Donor Power and the Fragility of Institutions

These patterns are reinforced by global governance structures. Multilateral bodies such as the WHO, Gavi, and the Global Fund rely heavily on donor financing, giving high-income states and large foundations substantial influence over priorities and outcomes. Countries most affected by disease often have limited say in how programmes are designed or evaluated. This system works—until it doesn’t. When political winds shift in donor countries, Global Health programmes can change rapidly, leaving dependent health systems exposed.
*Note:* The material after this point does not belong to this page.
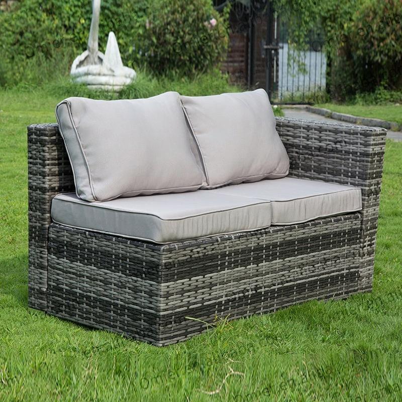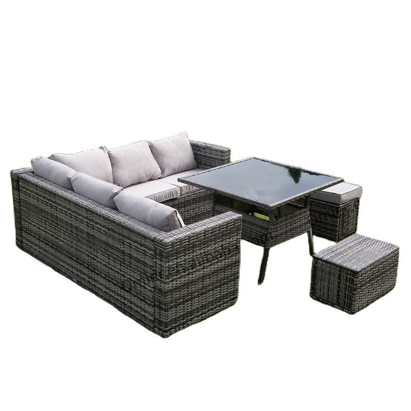 Outdoor wicker(rattan) corner sofa dining set with cushion, comprising 3-seater, loveseat, table and ottoman, offering a multitude of layout possibilities.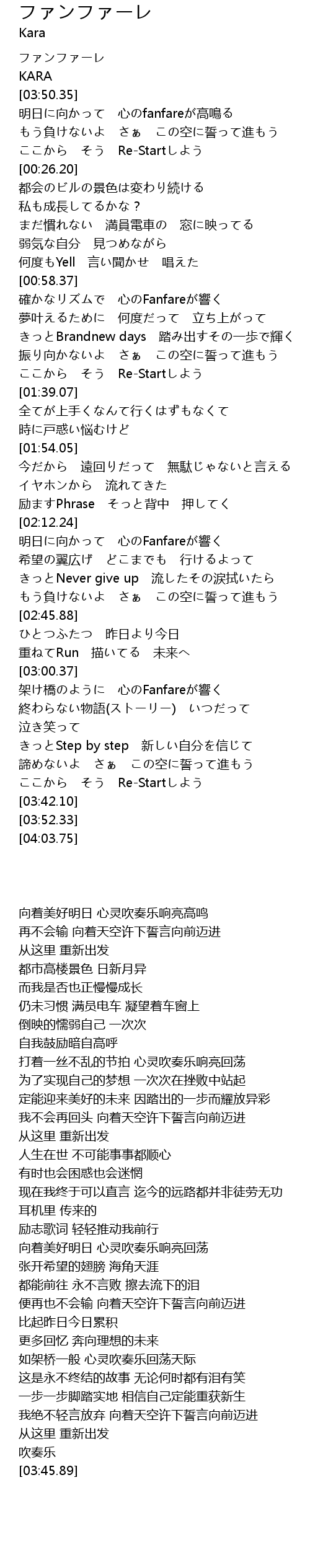 | [02:13.11] | 明日に向かって 心のFanfareが響く |

This fragility became clear in 2025, when proposed US foreign aid cuts threatened essential programmes across the Global South. For many countries the risk was immediate: decades of externally driven priorities had left national systems underfunded and reliant on donors for basic services like HIV treatment, maternal health, or vaccine delivery. Sudden withdrawal and frozen funds exposed the cost of long-standing dependency. Communities that had never been supported to build strong, autonomous systems were now facing disruptions created far beyond their borders.

Without Power Shift, Nothing Changes

The history of medical colonialism makes evident that today’s Global Health inequalities are not accidental; they grew out of structures that were never fully dismantled. Public Health systems shaped by racial hierarchy, extractive research, and narrow, donor-driven priorities continue to limit local ownership and define which voices matter. In times of weakened multilateral cooperation and shrinking humanitarian budgets, these structural weaknesses have become harder to ignore, particularly for the countries long denied the chance to strengthen their own health systems.

Decolonising Global Health therefore requires more than new treaties or expanded participation. It means shifting power, valuing local expertise, and supporting health systems that are led and shaped by the communities they serve. Without these changes, Global Health will continue to reproduce the very inequalities it claims to address.